WITNESS detects locking errors with the barrier routine.
I will send a manual page patch.
> > Index: kern/kern_event.c
> > ===================================================================
> > RCS file: src/sys/kern/kern_event.c,v
> > retrieving revision 1.189
> > diff -u -p -r1.189 kern_event.c
> > --- kern/kern_event.c 12 Jun 2022 10:34:36 -0000 1.189
> > +++ kern/kern_event.c 19 Jun 2022 10:38:45 -0000
> > @@ -1581,6 +1581,7 @@ void
> > kqueue_terminate(struct proc *p, struct kqueue *kq)
> > {
> > struct knote *kn;
> > + int state;
> >
> > mtx_enter(&kq->kq_lock);
> >
> > @@ -1593,11 +1594,17 @@ kqueue_terminate(struct proc *p, struct
> > KASSERT(kn->kn_filter == EVFILT_MARKER);
> >
> > kq->kq_state |= KQ_DYING;
> > + state = kq->kq_state;
> > kqueue_wakeup(kq);
>
> Shouldn't we read `kq_state' after calling kqueue_wakeup()? Or are we
> sure this wakeup won't schedule a task?
The wakeup is there so that KQ_DYING takes effect. The task scheduling
should not happen because kq->kq_sel.si_note should be empty.

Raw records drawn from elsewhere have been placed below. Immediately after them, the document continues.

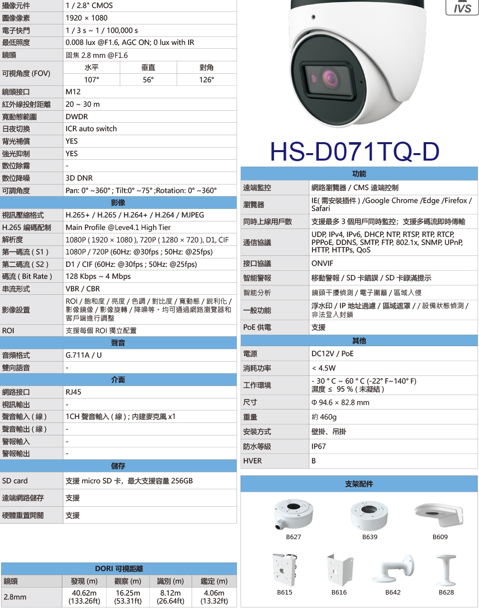 支援 3D 數位降噪 / 數位寬動態 / 強光抑制 / 背光補償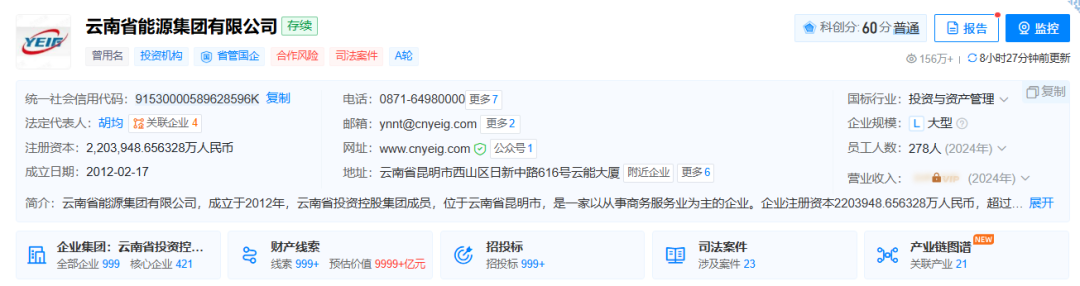 天眼查信息显示,云南省能源集团有限公司注册资本220.39亿,由云南省人民政府国有资产监督管理委员会下属云南省投资控股集团有限公司控股。截至2025年10月底,集团控股风光新能源装机448万千瓦,在建装机超260万千瓦。
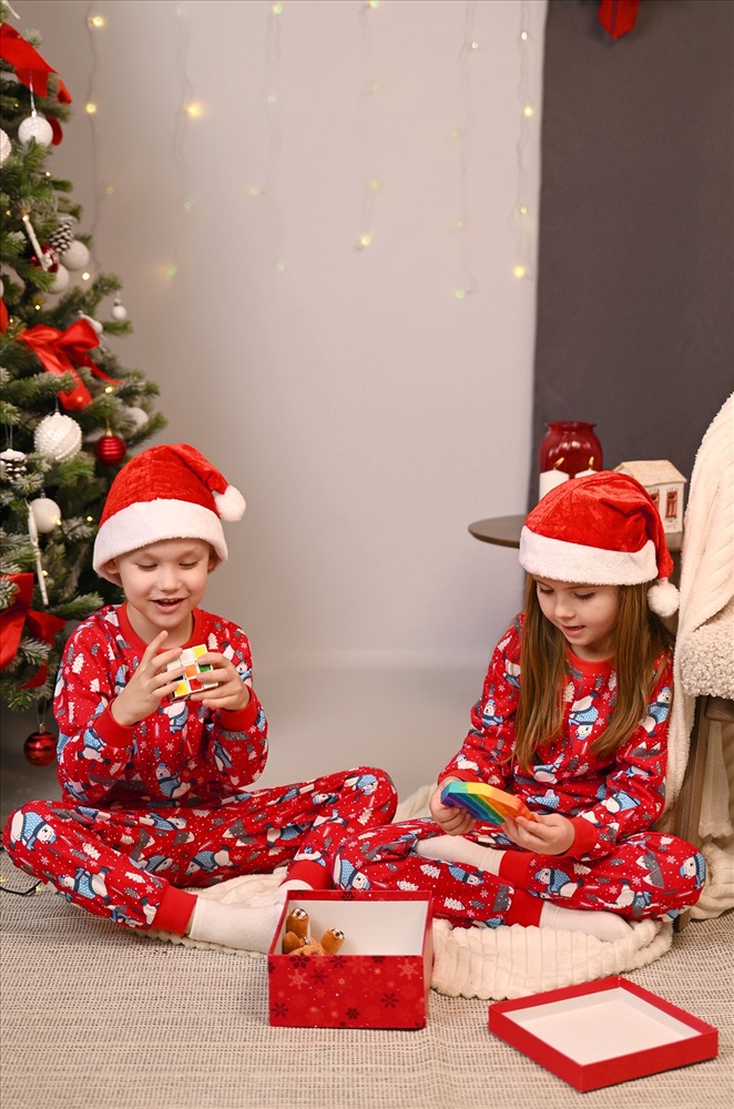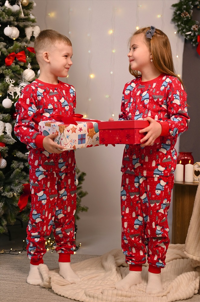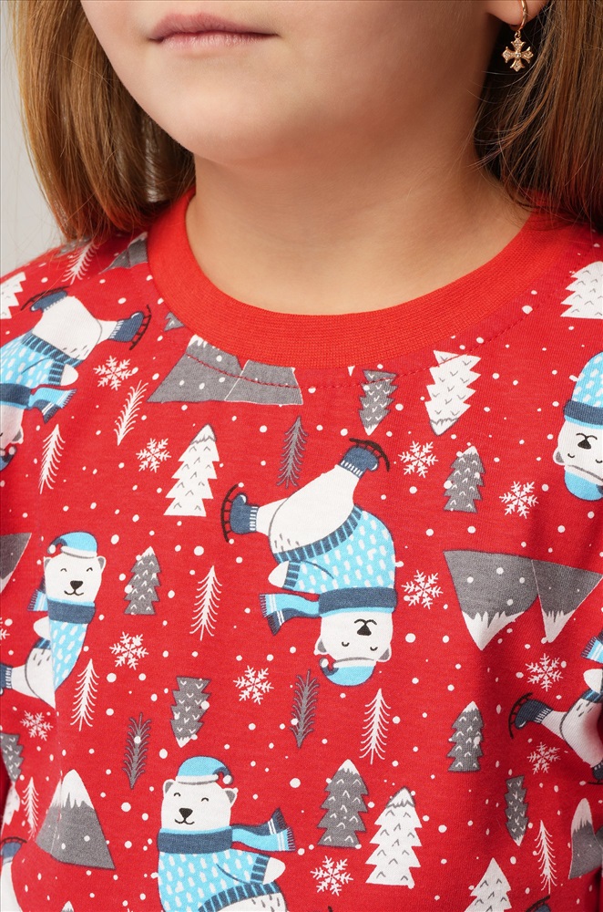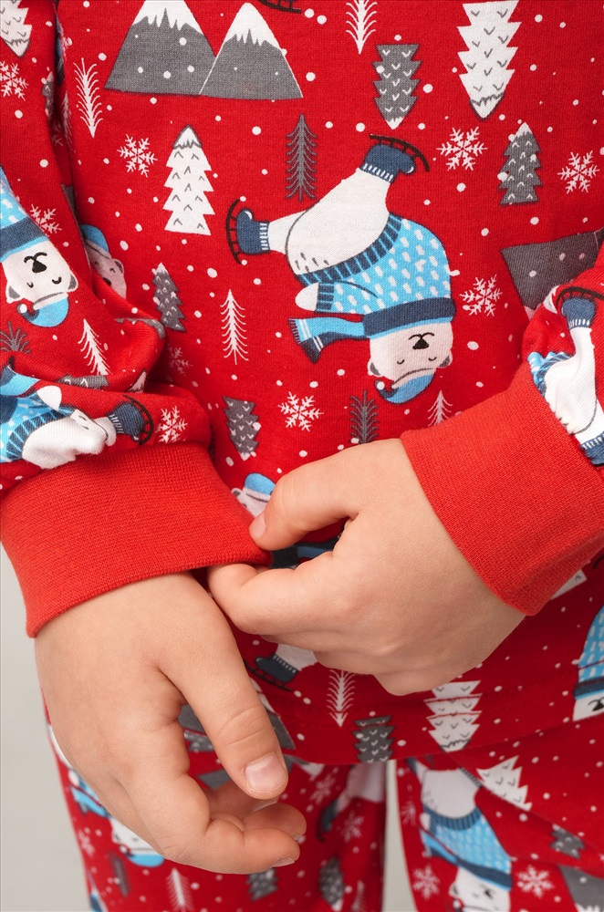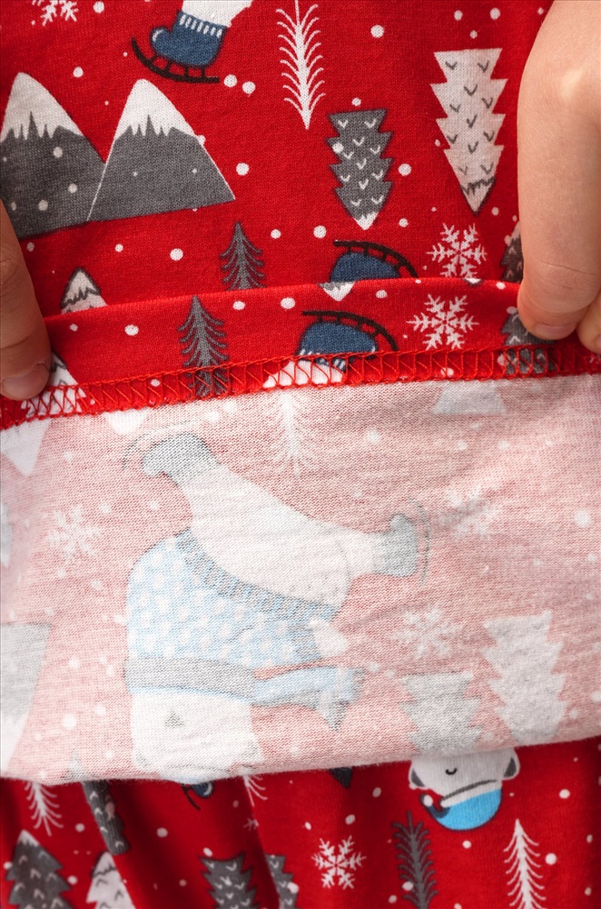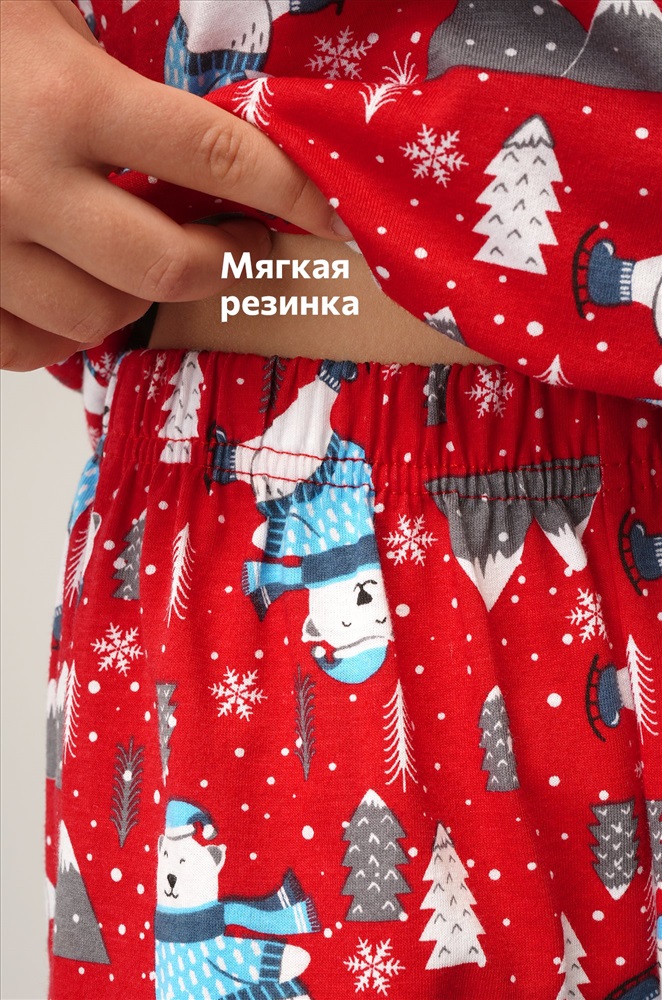 Яркая новогодняя пижама с брюками для мальчика и для девочки создаст атмосферу праздника и уюта. Веселый принт Мишка на коньках подарит радость и ожидание волшебства каждому ребенку. Детская пижама красного цвета станет отличным подарком для детей и подростков на Новый год и Рождество.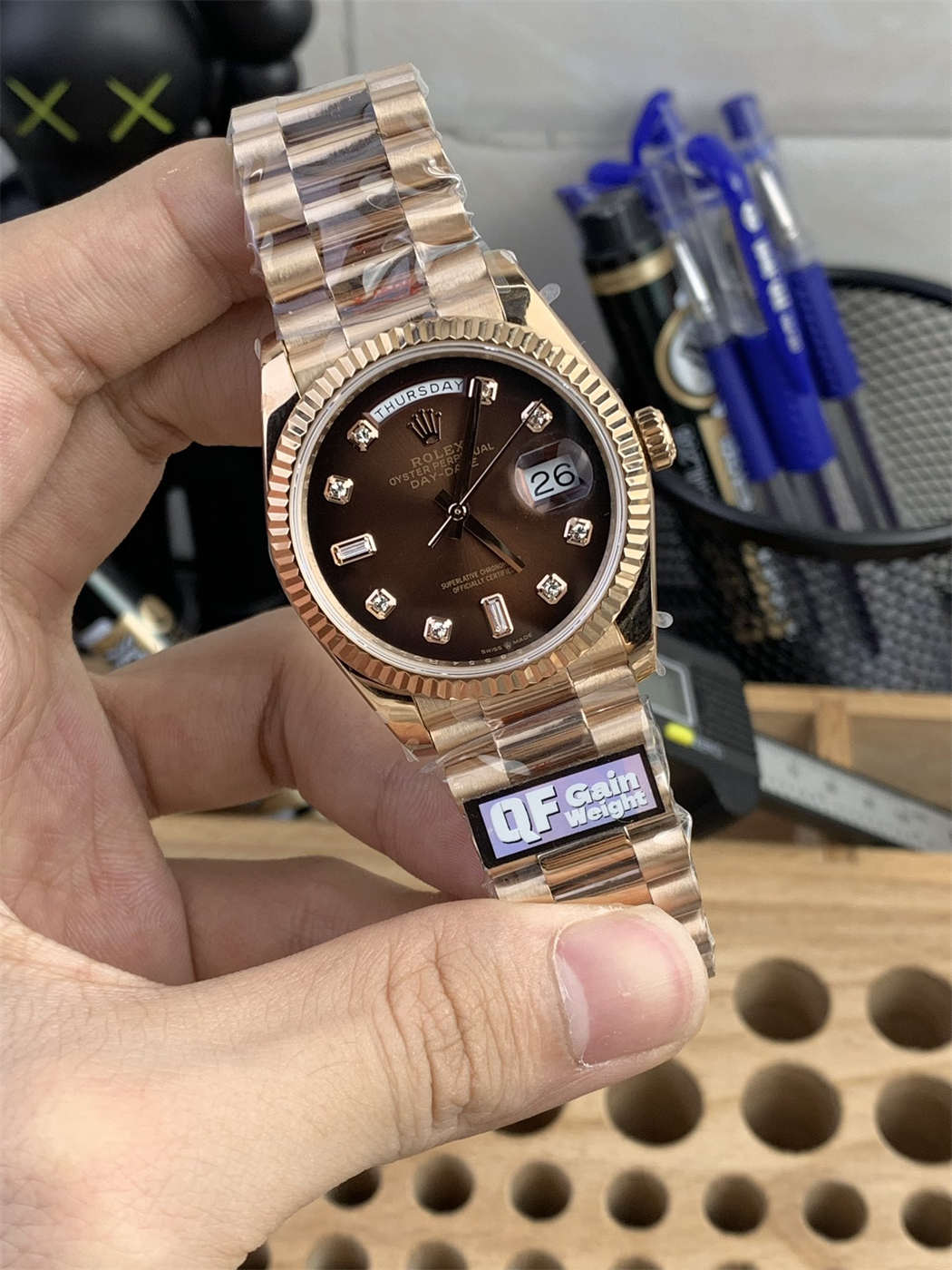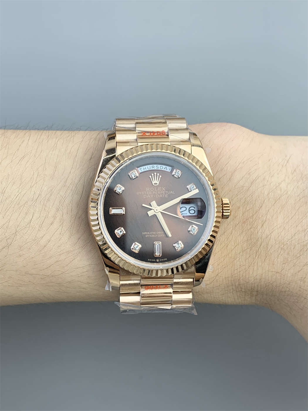 Q: Is this Rolex Day-Date 36 gold replica heavy like the real one?A: Yes. This version uses a weighted case and bracelet, giving it a much more authentic gold feel compared to lightweight replicas.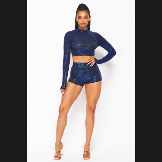 Sequin crop top and shorts set Long sleeves crop top with mock neck Hot shorts...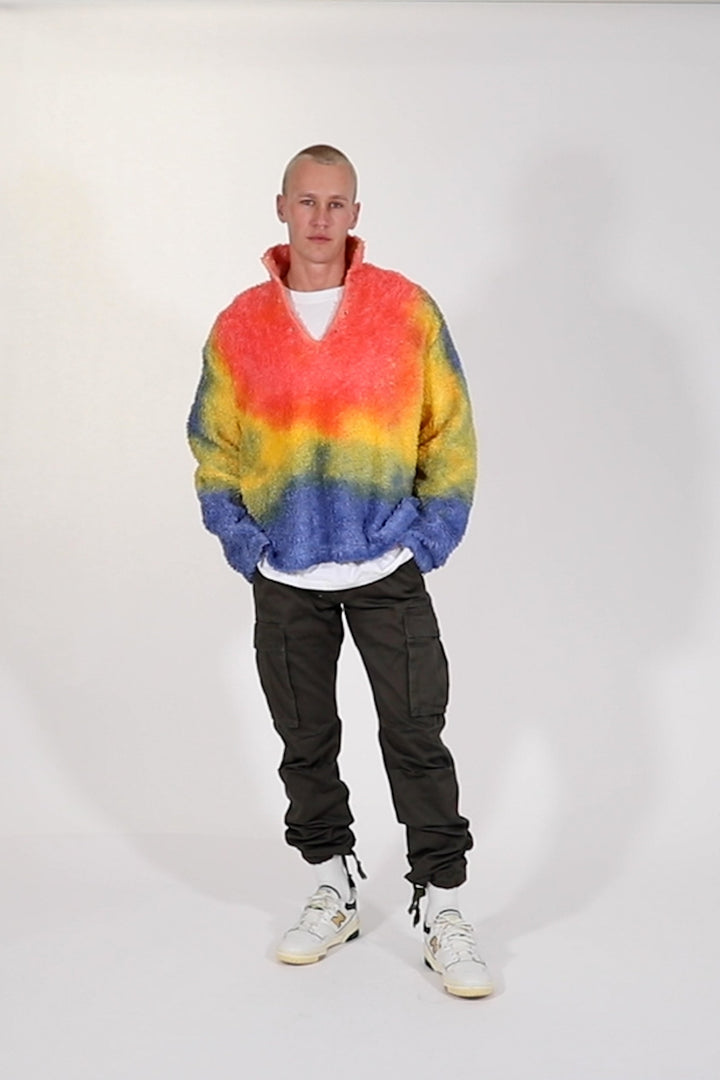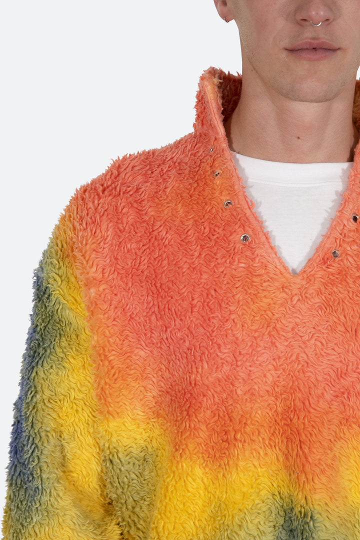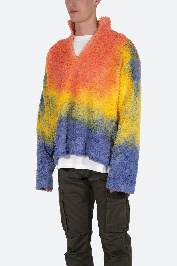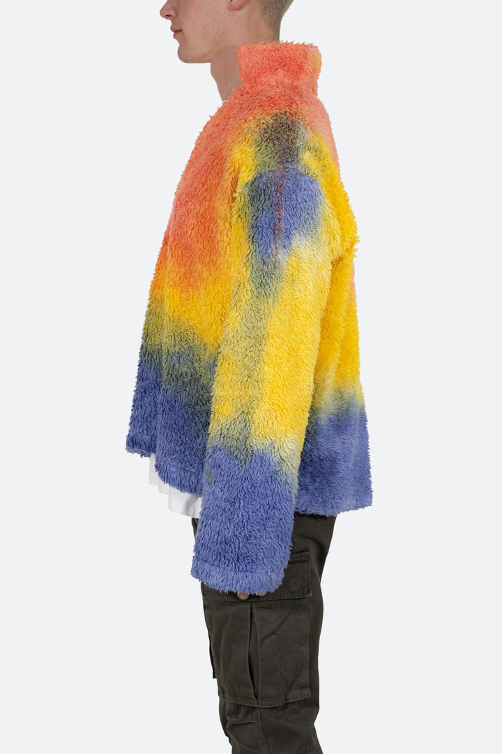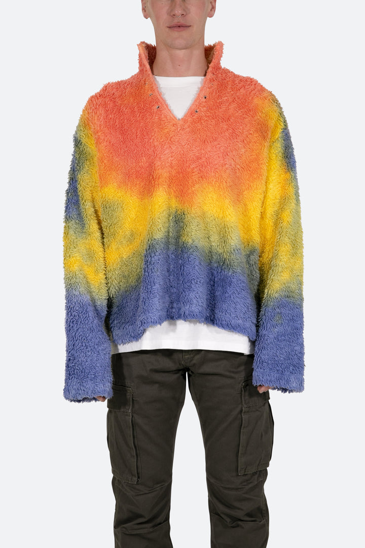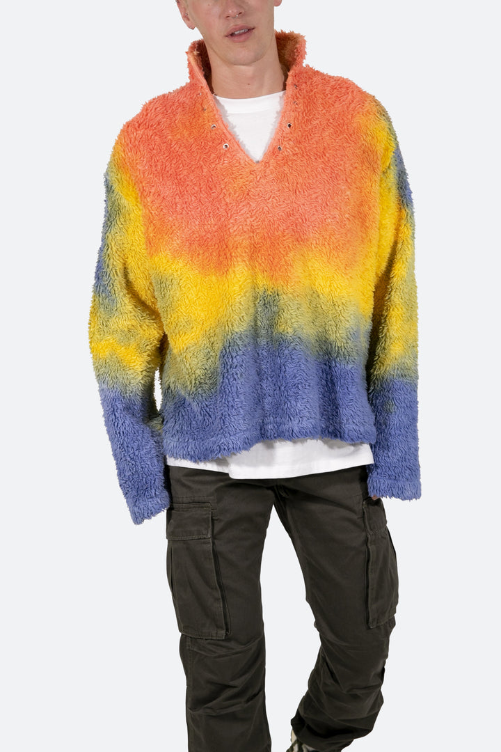 the Tie Dye Sherpa Pullover is designed with a relaxed fit, an open placket, standing collar, and constructed from a custom dyed sherpa fabric.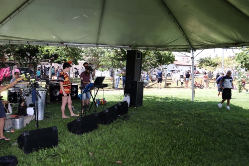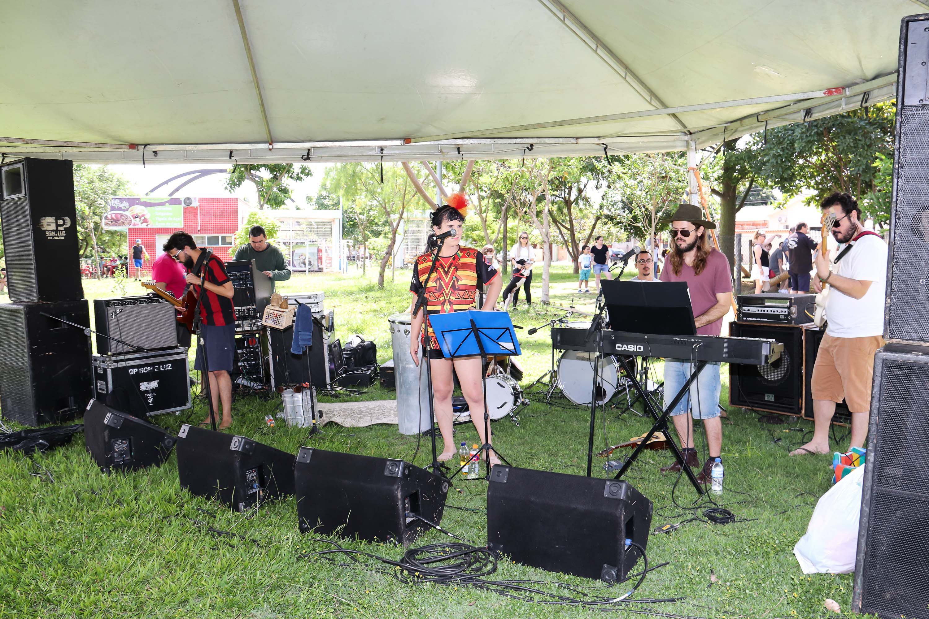 Apesar de o espaço ser destinado aos peludos, que correram e brincaram por todo lado, tutores e pessoas que circularam pelo local dançaram e cantaram ao som de banda musical.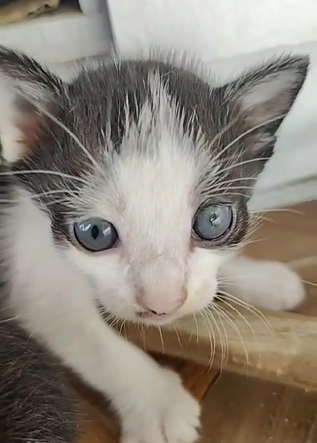 A close-up video shows a kitten with a white face and gray and white fur on its head and body. The kitten has large, blue eyes and is lying down, looking toward the floor. A wooden surface is beneath the kitten, and the background includes a piece of cardboard and a white wall.

I can move the read after the wakeup call if that makes the code
clearer.
>
> > mtx_leave(&kq->kq_lock);
> >
> > + /*
> > + * Any knotes that were attached to this kqueue were deleted
> > + * by knote_fdclose() when this kqueue's file descriptor was closed.
> > + */
> > KASSERT(klist_empty(&kq->kq_sel.si_note));
> > - task_del(systqmp, &kq->kq_task);
> > + if (state & KQ_TASK)
> > + taskq_del_barrier(systqmp, &kq->kq_task);
> > }
> >
> > int
> > @@ -1623,7 +1630,6 @@ kqueue_task(void *arg)
> > mtx_enter(&kqueue_klist_lock);
> > KNOTE(&kq->kq_sel.si_note, 0);
> > mtx_leave(&kqueue_klist_lock);
> > - KQRELE(kq);
> > }
> >
> > void
> > @@ -1637,9 +1643,8 @@ kqueue_wakeup(struct kqueue *kq)
> > }
> > if (!klist_empty(&kq->kq_sel.si_note)) {
> > /* Defer activation to avoid recursion. */
> > - KQREF(kq);
> > - if (!task_add(systqmp, &kq->kq_task))
> > - KQRELE(kq);
> > + kq->kq_state |= KQ_TASK;
> > + task_add(systqmp, &kq->kq_task);
> > }
> > }
> >
> > Index: sys/eventvar.h
> > ===================================================================
> > RCS file: src/sys/sys/eventvar.h,v
> > retrieving revision 1.14
> > diff -u -p -r1.14 eventvar.h
> > --- sys/eventvar.h 16 Mar 2022 14:38:43 -0000 1.14
> > +++ sys/eventvar.h 19 Jun 2022 10:38:45 -0000
> > @@ -68,6 +68,7 @@ struct kqueue {
> > #define KQ_SEL 0x01
> > #define KQ_SLEEP 0x02
> > #define KQ_DYING 0x04
> > +#define KQ_TASK 0x08
> > };
> >
> > #endif /* !_SYS_EVENTVAR_H_ */
> >
>